A senior adviser to the European Commission has suggested it should consider scrapping permanent civil service jobs.
“We definitely have to look at increasing the speed of recruiting the right kind of people, but also recruiting different talents, and maybe not for lifetime employment,” said Catherine Day, a former top EU civil servant who’s now carrying out a review of the 32,000-strong institution.
Speaking to Paul Adamson’s Encompass Europe podcast on Monday, Day said that the EU executive should hire more tech experts and engineers, rather than the lawyers and economists who populated the institution during her tenure as secretary-general between 2005 and 2015.
Day spent nearly four decades in the Commission between 1979 and 2018. Most posts in the European Commission are permanent roles, allowing officials to stay in until the retirement age of 66. Only 22.2% of the Commission’s staff are under 40, according to figures from January.
The system for bringing in fresh talent is also under strain. EPSO, the Commission’s selection office, has buckled under expensive IT problems that have slowed recruitment.
“There are different ways of making the EU work that don’t involve micromanagement from the Commission,” Day said.

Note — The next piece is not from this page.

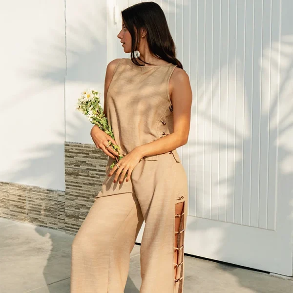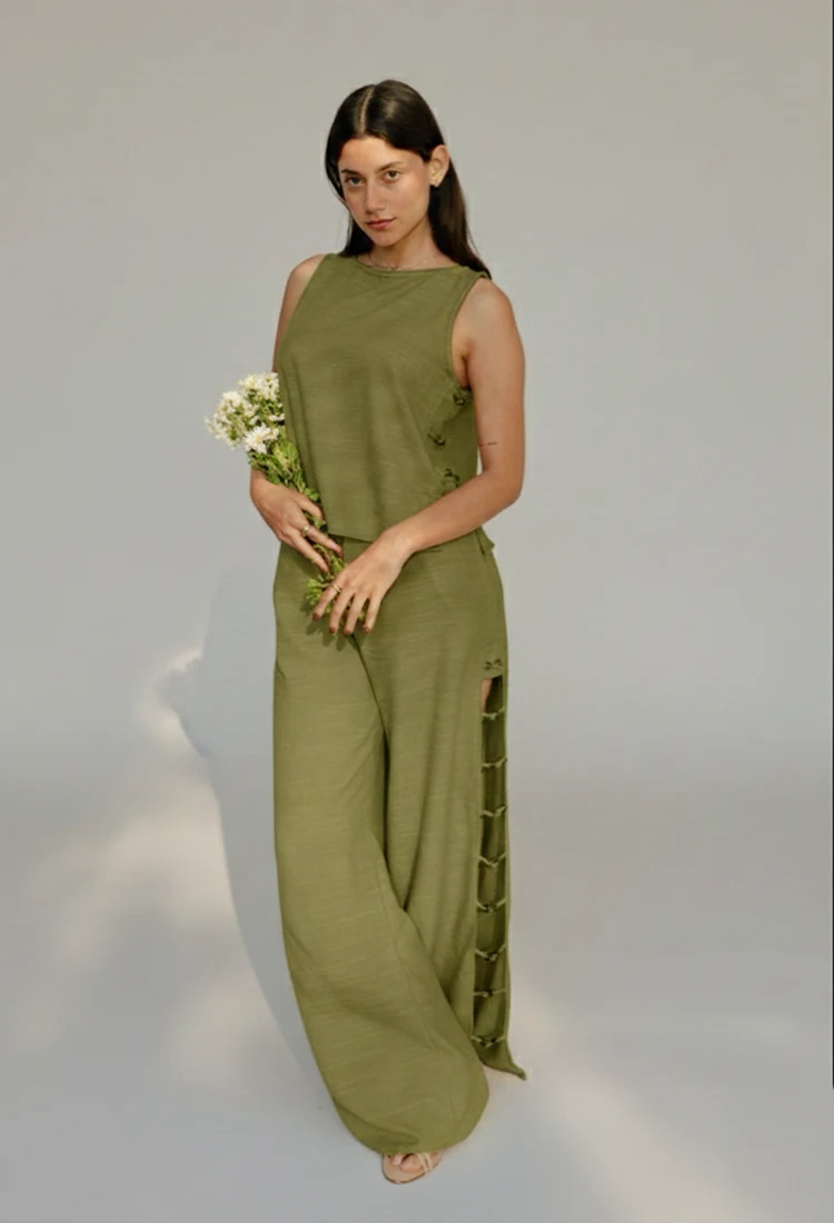 El Pantalón Ischia presenta una silueta recta y limpia, con cortes laterales y detalles de bisutería importada que aportan un giro inesperado al diseño, manteniendo un equilibrio entre lo atemporal y lo distintivo.

She now leads a “reflection group” that will guide a review of the civil service by Administration Commissioner Piotr Serafin. Commission President Ursula von der Leyen called for the review when she was re-elected as president last year.
Day is examining ideas including how AI could improve the institution’s operations, with her report expected by the end of 2026. She said some of the proposals may only be phased in after 2029, during the next five-year mandate of the Commission.
In the podcast, Day also suggested most officials are motivated by a desire to work for Europe, rather than money. “If you want to make huge amounts of money, it’s not the place to come,” she said. Though EU officials do pay a “community tax,” their salaries are exempt from national tax, and can reach as high as €25,000 a month for the most senior officials.
“There is an image of a faceless bureaucracy,” she added. “But you know and I know that once you’re in it, it’s endlessly fascinating.”